Similar cardiovascular reactions were observed before and during the injection of isotonic saline and even during a pseudoinjection, whereby the syringe was placed in the mouth but the needle did not touch the mucosa. This suggests that patient (anticipation) anxiety mainly contributes to an increased heart rate. With this in mind, the decrease in heart rate during the injection may be due to the relatively pain-free way of giving local anaesthetics, and the reassuring effect on the patient.

Differences between men and women

The higher median heart rate in women than in men agrees with the generally slightly faster sinus rate in women. Also, the higher MDAS score in females than in males is in accordance with other studies assessing sex differences in anxiety-provoking stimuli.
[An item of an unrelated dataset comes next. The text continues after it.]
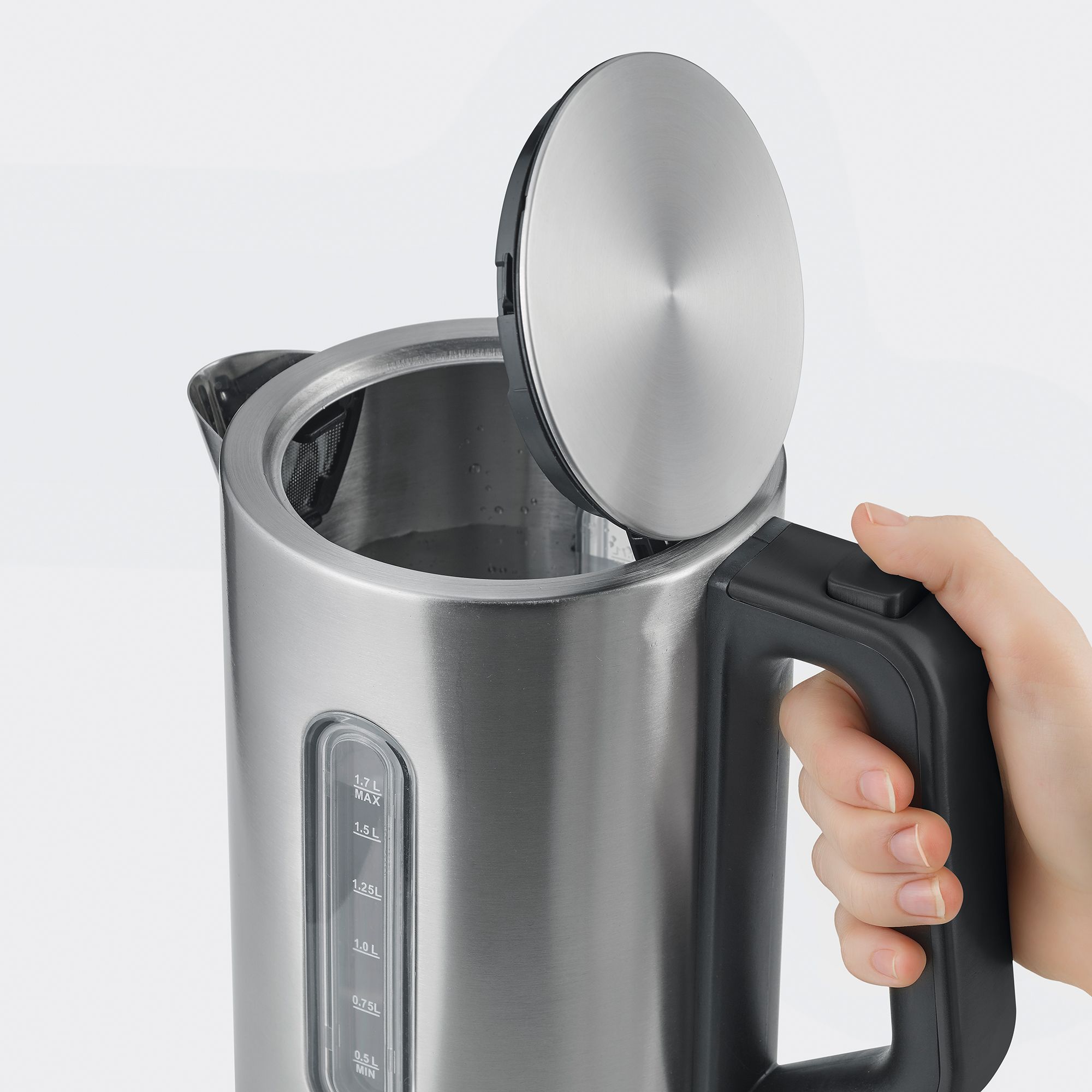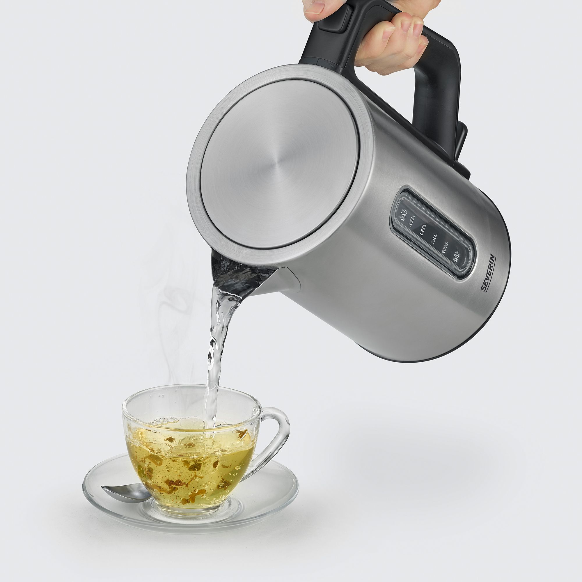 Ein zuverlässiget Küchenhelfer, der dir das Erhitzen von Wasser besonders einfach macht: Der SEVERIN WK 3402 Wasserkocher. Das großzügige Fassungsvermögen von 1,7 Liter sorgt dafür, dass du mehrere Portionen auf einmal zubereiten kannst – ideal für gesellige Teerunden oder den schnellen Kaffee zwischendurch.

Methods of assessing anxiety

Various physiological manifestations of anxiety can be observed to determine the presence of anxiety. For example, increased respiration, muscle tension, blood pressure, plasma epinephrine levels, electrical activity of the brain, and the palmar sweat index are physiological measures of fear. A number of methodological problems are encountered with these physiological indices, such as poor reliability and low practicality in the testing field. Pain and anxiety reactions during dental treatment stimulate the adrenal medulla to release endogenous epinephrine, which has a direct impact on the heart rate. The amount of stress experienced is usually measured by the level of anxiety reported by the patient. The use of physiological measures to gauge anxiety (heart rate) in test situations is considered to be more reliable than self-reported measures, because it is difficult to control voluntary autonomic nervous system responses. Also, heart rate measurements are relatively easy to obtain and therefore probably have a low effect on anxiety. Therefore, a physiological measurement (heart rate) was combined with a self-reported index to properly assess anxiety in this study.

Future perspectives

One of the objectives of this study was to gather meaningful information on the course and intensity of anxiety during oral and maxillofacial surgery. This information will assist in the search for anxiety-reducing interventions to reduce patient stress and subsequent negative stress-related effects. Although all participants stated their anxiety level as mild to moderate, their anxiety fluctuated during the procedure. In line with these results, special attention should be paid to the most anxiety-provoking moments, i.e. the time-out procedure, the appliance of surgical drapes, the incision, the alveolotomy, and the actual removal of the third molar.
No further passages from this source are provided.